Objective: To analyze and evaluate the expressions and clinical value of tuftelin (TUFT1) and Krüppel-like factor 5 (KLF5) in hepatitis B virus (HBV)-related hepatocellular carcinoma (HCC) tissues. Method: KLF5 mRNA and TUFT1 mRNA transcriptional status in cancer and non-cancer groups were compared according to the Cancer Genome Atlas (TCGA) database. The differences and prognostic value between the groups were analyzed. Postoperative liver cancer and its paired pericancerous tissues, with the approval of the ethics committee, were collected to build tissue chips. The expression of KLF5 and TUFT1 and their intracellular localization were verified by immunohistochemistry. Tissue expression and clinicopathological characteristics were analyzed by immunoblotting. SPSS software was used to analyze the relationship between SPSS and patient prognosis. Results: The transcription level of TUFT1 or KLF5 mRNA was significantly higher in the HCC group than the non-cancer group (P < 0.001), according to TCGA data. Immunohistochemistry and Western blotting examination confirmed the overexpression of TUFT1 and KLF5 in human HCC tissues, which were mainly localized in the cytoplasm and cell membrane. The positivity rates of TUFT1 and KLF5 were 87.1% ( χ(2) = 18.563, P < 0.001) and 95.2% ( χ(2) = 96.435, P < 0.001) in HCC tissues, and both were significantly higher than those in the adjacent group. The expression intensity was higher in stage III-IV than stage I-II of the International Union Against Cancer standard (P < 0.01). The clinicopathological features showed that the abnormalities of the two were significantly related to HBV infection, tumor size, extrahepatic metastasis, TNM stage, and ascites. Univariate analysis was related to tumor size, HBV infection, and survival. Multivariate analysis was an independent prognostic factor for patients with HCC. Conclusion: TUFT1 and KLF5 may both be novel markers possessing clinical value in the diagnosis and prognosis of HBV-related HCC.

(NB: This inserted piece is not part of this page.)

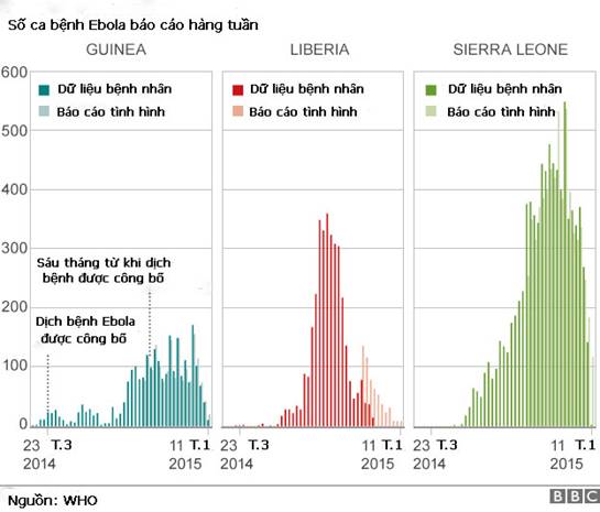 Ngày 22/01/2015. VOA News. Số ca nhiễm mới Ebola giảm mạnh tại Tây Phi (Big Drop in New Ebola Cases in West Africa).Số ca mắc mới Ebola giảm mạnh trong tuần qua, tăng niềm hy vọng dịch bệnh trong khu vực sẽ chấm dứt. WHO cho biết có 145 ca mắc mới được báo cáo tại Guinea, Liberia và Sierra Leone trong tuần đến ngày 18/01. Chỉ có 8 ca mắc mới từ Liberia, một con số rất nhỏ so với 300-400 ca mỗi tuần trong tháng 8 và 9/2014. Mặc dù 117 ca mắc mới được ghi nhận tại Sierra Leone nhưng WHO cho rằng tại đó số ca mắc mới “đang giảm nhanh” (decreasing quickly), theo đó con số gần đây nhất cho thấy giảm hơn 50% so với 2 tuần trước. Tổng số ca tử vong do Ebola là 8.641 ca, trong số 21.700 ca mắc.

目的: 分析乙型肝炎病毒(HBV)相关肝细胞癌(HCC)组织中釉丛蛋白(TUFT1)和锌指蛋白家族Krüppel样因子5(KLF5)表达,评估其对HCC的临床价值。 方法: 依据The Cancer Genome Atlas(TCGA)数据库资料,比较癌及非癌组KLF5 mRNA及TUFT1 mRNA转录状态,分析组间差异及其预后价值;经伦理委员会批准,收集术后肝癌及其配对癌周组织制作组织芯片,以免疫组织化学法验证KLF5和TUFT1表达及其细胞内定位;以免疫印迹法分析组织中表达及其临床病理学特征;以SPSS软件行单/多因素分析其与患者预后的关系。 结果: 依据TCGA资料,HCC组TUFT1或KLF5 mRNA转录水平均显著高于非癌组(P < 0.001)。免疫组织化学检查和蛋白质印迹法证实人HCC组织TUFT1和KLF5过表达,主要定位于细胞质和细胞膜。HCC组织中TUFT1阳性率为87.1%(χ(2) = 18.563,P < 0.001),KLF5阳性率为95.2%(χ(2) = 96.435,P < 0.001),二者均显著高于癌旁组;在国际抗癌联盟的标准III~IV期其表达强度均高于I~II期(P < 0.01)。临床病理特征显示,二者异常均与患者HBV感染、瘤体大小、伴肝外转移、TNM分期及伴腹水显著相关。单因素分析均与瘤体大小、HBV感染和患者生存率相关;多因素分析均是HCC患者的独立预后因素。 结论: TUFT1和KLF5可能均为HBV相关HCC诊断和预后具有临床价值的新标志物。.
Keywords: Clinicopathological features; Hepatitis B virus; Hepatocellular carcinoma; KLF5; Prognosis; TUFT1.